PEOPLE DATA | AI | REMOTE LEADERSHIP & LEARNING

The best of both worlds: pen and paper, then AI

mechanical pencil on notepad with sketch

Sketching helps me think.

Before I build a presentation, shape an idea, or explain a process, I need to see it first. I need arrows, boxes, messy notes in the margins, when I move things, wipe out elements, redraw them… My brain loves thinking with a pen in hand. I use it to summarize posts, clarify workflows or routines, understand articles, prepare scripts for talks and even to support the talks themselves (I love using cardboards instead of slides)…

And yet, I also love digital tools. I love clarity, iteration, and the ability to turn a rough idea into something clean and presentable.

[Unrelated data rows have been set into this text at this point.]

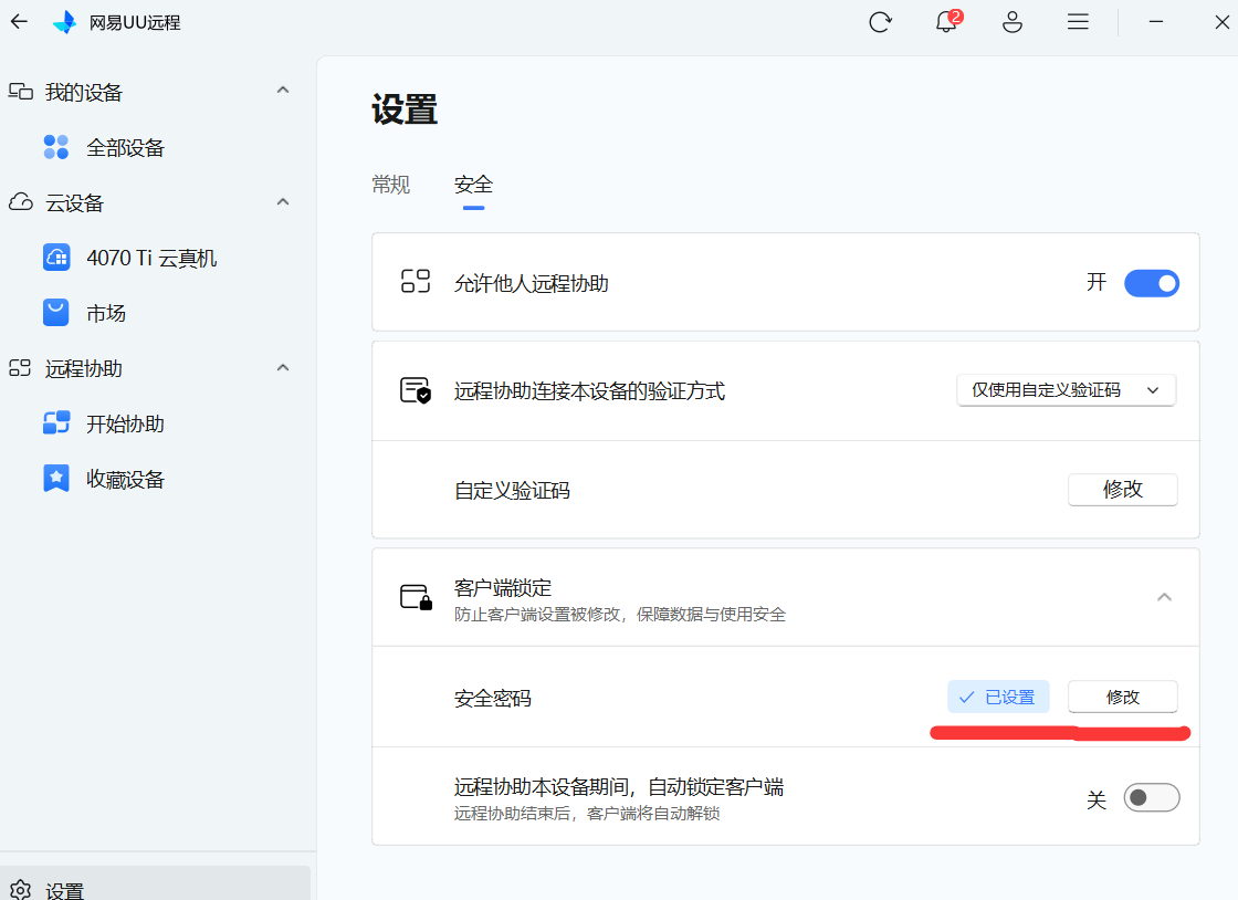 针对远程协助场景的安全问题,新增了"客户端安全锁"的功能。开启自动锁定后,远程协助一开始就会自动锁上客户端,从根本上避免协助过程中出现误退出、参数被改的麻烦。最大的好处就是专门针对远程协助做防护,而且自动锁定不用手动操作,彻底解决了以前远程协助时,客户端容易被不小心关掉、里面的设置参数被乱改的问题,让远程协助又安全又省心。
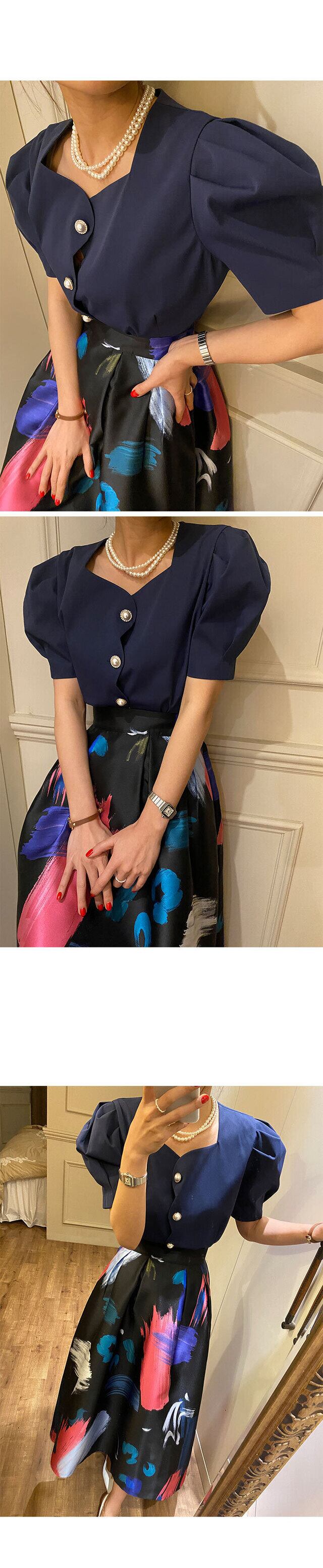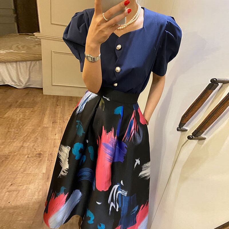 スタンダードカラールーズスリーブシャツ ハイウェストウェストプリント柄スカート レディース レトロ スクウェア 5/3 春夏 SS Neploe mi4634711365840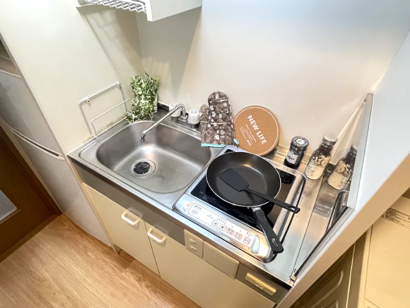 セパレート(バス・トイレ)/洗濯機置場(室内)/温水洗浄便座/IHコンロ(1口)/家具家電付(一部)/玄関センサー感知ライト/居室照明器具/バルコニー/フローリング/シューズケース/吊棚/収納/インターフォン(TVモニター付)/防犯ディンプルキー/エアコン/個別給湯(ガス) |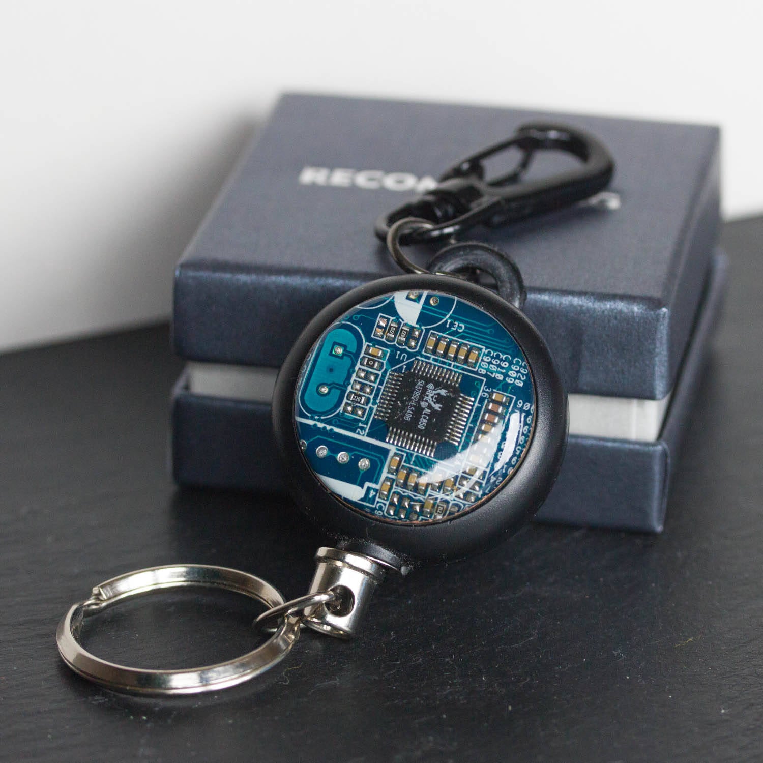 This cool retractable badge holder will be a perfect gift for a new coworker, or for yourself :)The carabiner clip is finished with a round piece of real circuit board...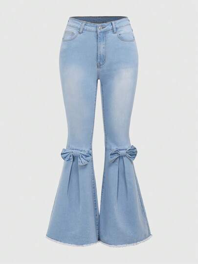 ROMWE Kawaii 女式 Himekaji 喇叭牛仔裤配蝴蝶结装饰,学校风

Lately, I have been using a workflow that gives me exactly that: the tactile joy of handwriting first, the automation that digital brings, and the polishing power of AI to round things off. I was unaware of how interesting this flow was until a teammate asked me how I had created a diagram. The one I’m sharing.

Step 1: I start on a Rocketbook

I use a Rocketbook notebook to draft ideas by hand. It gives me the best part of paper thinking, but with one huge advantage: it is erasable.

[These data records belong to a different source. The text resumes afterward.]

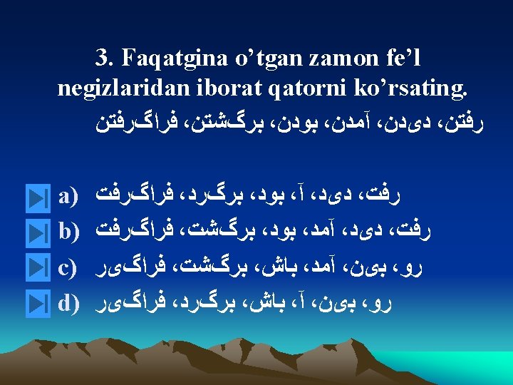2. Fors tilida fe’l negizlari nechta? a) 2 ta b) 3 ta c) 4 ta d) 5 ta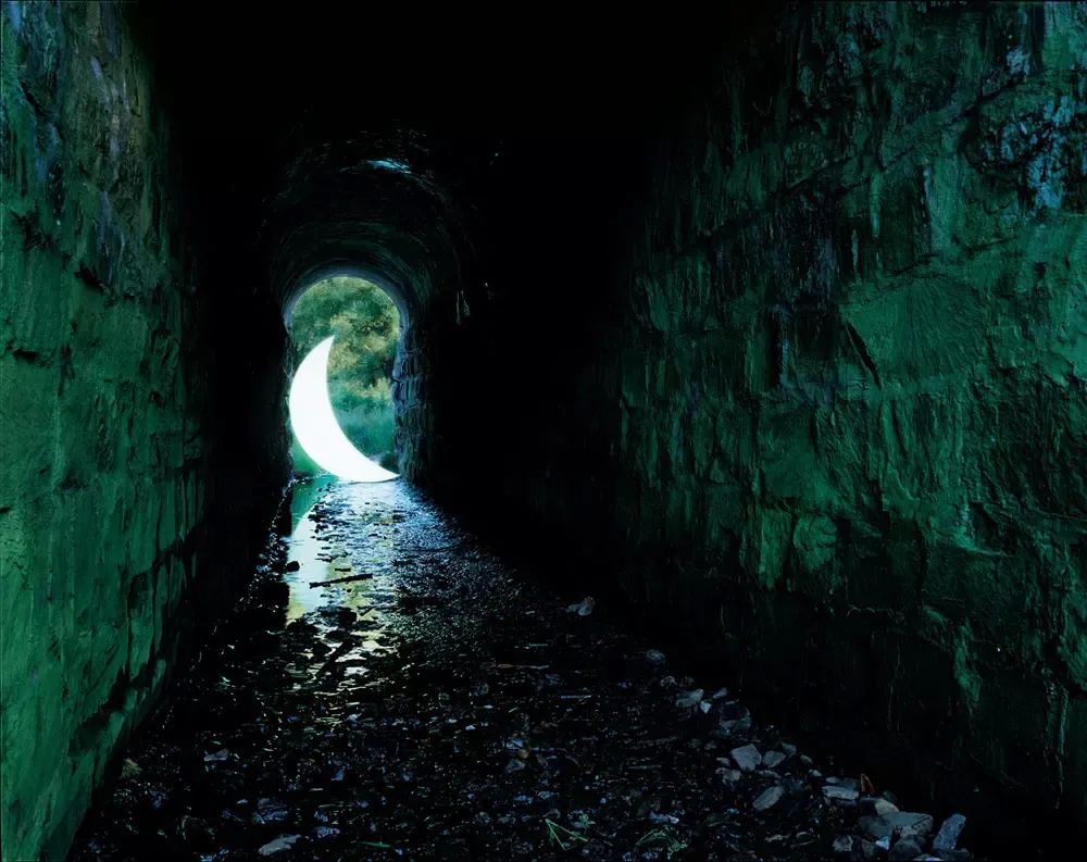 James Russell和Hannah Plumb將他們合作的創意工作室地點定在穆森登神廟,他們回收着覆蓋地衣的玻璃,藉助月亮及其燈光,製造了這款“彩色月亮”的裝置。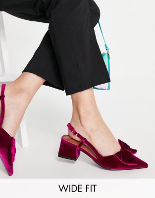 ASOS Design Wide Fit Suzy Bow Slingback Mid Heeled Shoes in Magenta-Purple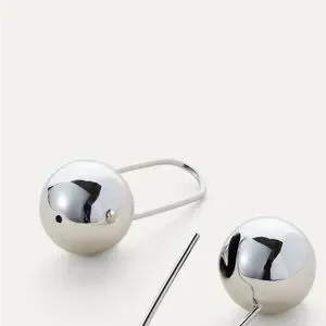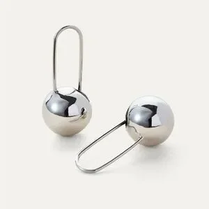 These Jenny Bird Celeste earrings showcase a sleek, minimalist design with polished silver spheres that reflect light beautifully. The elegant drop style is complemented by a classic shepherd's hook, offering a contemporary yet timeless appeal.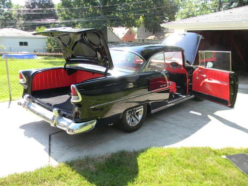 UP FOR AUCTION TO THE HIGHEST BIDDER IS THIS AWESOME 1955 BEL AIR 2 DOOR HARDTOP TREATED TO A METICULOUS NO EXPENSE SPARED PICTURE DOCUMENTED 2 YEAR FRAME OFF NUT AND BOLT ROTISSERIE RESTORATION WITH RECEIPTS.. STARTING WITH A RUST FREE ALL ORIGINAL FLORIDA CAR !! THIS ORIGINAL BODY PANEL 55 CHEVY SHOW CAR WAS FEATURED IN CLASSIC CHEVY WORLD MAGAZINE AND TAKING SEVERAL 1ST PLACE TROPHIES.. ENGINE IS A 502CI 502 HP+..EDELBROCK POLISHED AIR GAP INTAKE..HOLLY 770 CFM CARB...COMP CUSTOM GRIND CAM...MSD ETC..RICHMOND 6 SPEED TRANS...BE COOL RADIATOR...VINTAGE AIR...CLASIC CUSTOM INSTRUMENT GAUGES...ALL WHEEL DISK BRAKES...3.73 POSI REAR...CUSTON HEADMAN JET COATED HEADERS...COMPLETELY CUSTON INTERIOR AND TRUNK...FRONT AND REAR SWAY BARS...FATMAN POWDER COATED A ARMS...4" ALUMINUM DRIVESHAFT...LED TAIL LIGHTS...CUSTOM IROC CHROME WHEELS WITH 502 EMBLEMS...THIS CAR IS IN EXCELLENT CONDITION THE BODY IS AS STRAIGHT AS CAN BE AND THE CHROME, PAINT, AND FIT IS SHOW QUALITY!! ...THIS CAR IS OWNED BY A METICULOUS COLLECTOR AND THE CAR IS KEPT IN HEATED STORAGE AND HAS NEVER SEEN WEATHER!! ..ALL THIS AND SELLING WITHOUT RESERVE!!! FOR MORE INFO OR TO SET UP AN INSPECTION FEEL FREE TO CALL ANDY 248 672 6663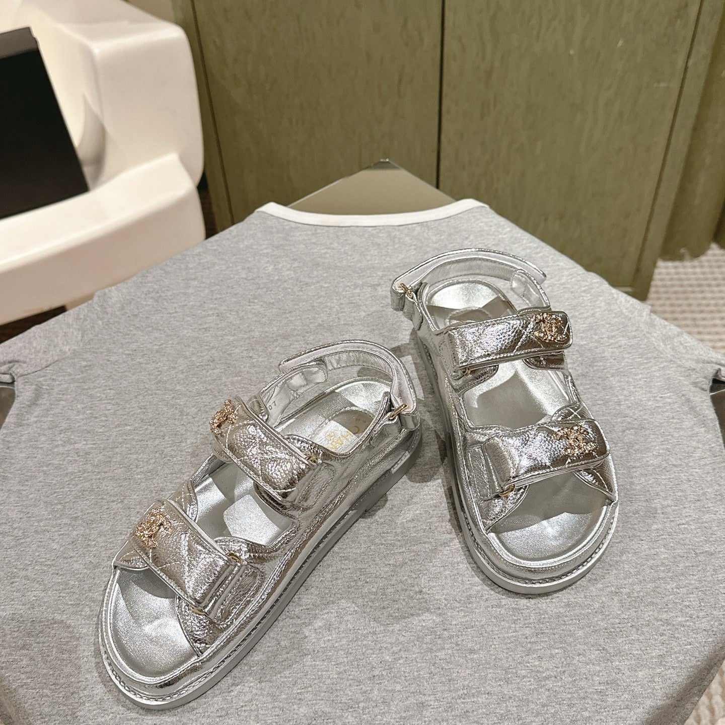 CC 25C Dad Sandals Silver Metalic Grained Calfskin 462236

That matters a lot. When I am thinking visually, I make mistakes. I move concepts around. I add a box where there was none. I realize two ideas should have been one. I write too big. I write too close to another note. I draw an arrow that makes sense for thirty seconds and then becomes nonsense.

With a normal notebook, that can quickly become chaos. With the Rocketbook, I can wipe, adjust, rewrite, and keep going without losing the pleasant feeling of using a real pen on a real page.

Step 2: I take a photo and get it sent to my laptop

Once I’m happy with the diagram or the drawing, the thinking is done. The sketch may still look rough, but the logic is in place. I use the Rocketbook app to take a photo of the page, and it sends cropped, high-quality PDFs or JPEGs to specific locations like Google Drive, Dropbox, or my Email inbox. The content is also OCRed if needed.

Step 3: I ask AI to clean it up

Then I pass that image through an AI tool to fine-tune it. This includes making the diagram clearer, improving text readability, reducing visual noise, removing shadows, equalizing colors… in two words, making the whole thing look nicer and clearer, more presentation-ready.

WHY ALL THAT process when I could have asked the AI to create the diagram for me?

I am not asking AI to do the thinking for me. I am asking it to help me present my thinking better. That distinction matters. The structure, the content, and the relationships between ideas are mine. AI helps me sharpen the expression.

  • It keeps the thinking human. I still begin with my own mental model, not with a prompt.
  • It preserves the tactile experience.
  • It makes iteration easier. Erasing and redrawing is part of the process.
  • It improves the final result. AI helps me turn a rough sketch into something clearer and easier to share.

For me, this is one of those small but meaningful workflows where analog and AI do not compete. They collaborate.

Pen first. AI second. Best of both worlds.